> [Work request] If a line below falls between the line with "Era uma linda" and the line with "Outfit Details: Dress: C/O", or is one of those two, output it exactly; output nothing else and no pictures.

> [Dataset excerpts]
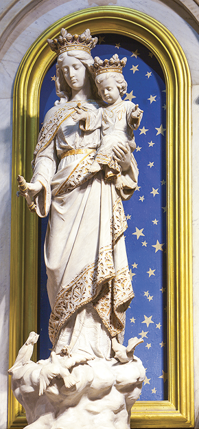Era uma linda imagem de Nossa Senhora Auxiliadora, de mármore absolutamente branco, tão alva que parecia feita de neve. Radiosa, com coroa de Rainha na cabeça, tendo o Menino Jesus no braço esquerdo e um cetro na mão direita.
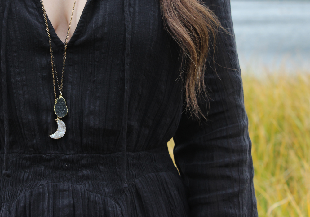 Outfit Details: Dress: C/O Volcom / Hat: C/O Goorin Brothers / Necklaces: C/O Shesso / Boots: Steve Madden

==

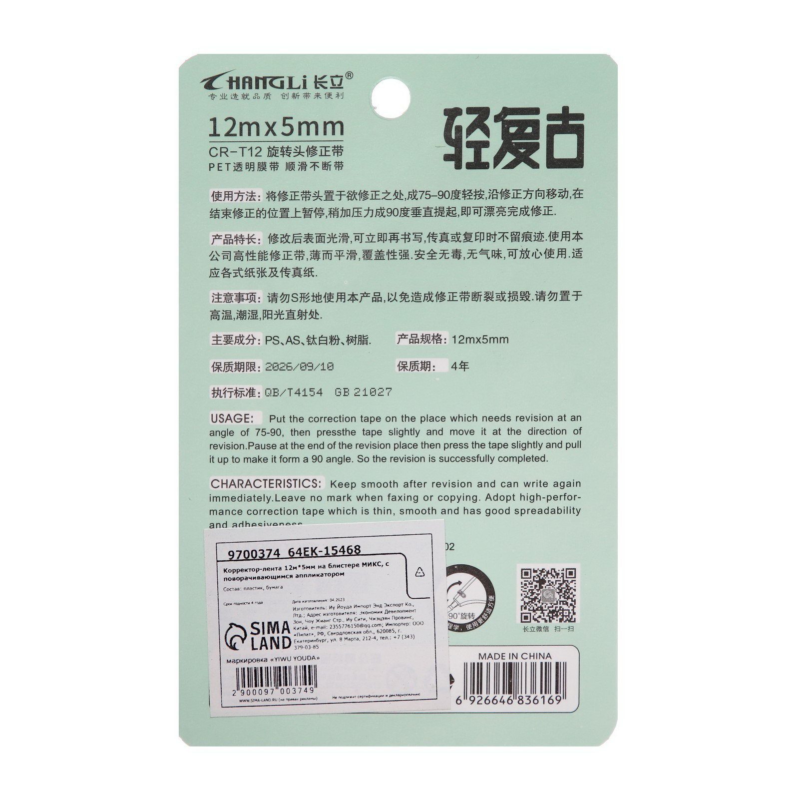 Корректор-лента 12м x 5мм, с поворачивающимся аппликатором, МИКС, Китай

* * *

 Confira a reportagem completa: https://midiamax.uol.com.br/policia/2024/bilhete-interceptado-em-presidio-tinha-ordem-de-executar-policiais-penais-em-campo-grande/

> [Result for this task]
Era uma linda imagem de Nossa Senhora Auxiliadora, de mármore absolutamente branco, tão alva que parecia feita de neve. Radiosa, com coroa de Rainha na cabeça, tendo o Menino Jesus no braço esquerdo e um cetro na mão direita.
 Outfit Details: Dress: C/O Volcom / Hat: C/O Goorin Brothers / Necklaces: C/O Shesso / Boots: Steve Madden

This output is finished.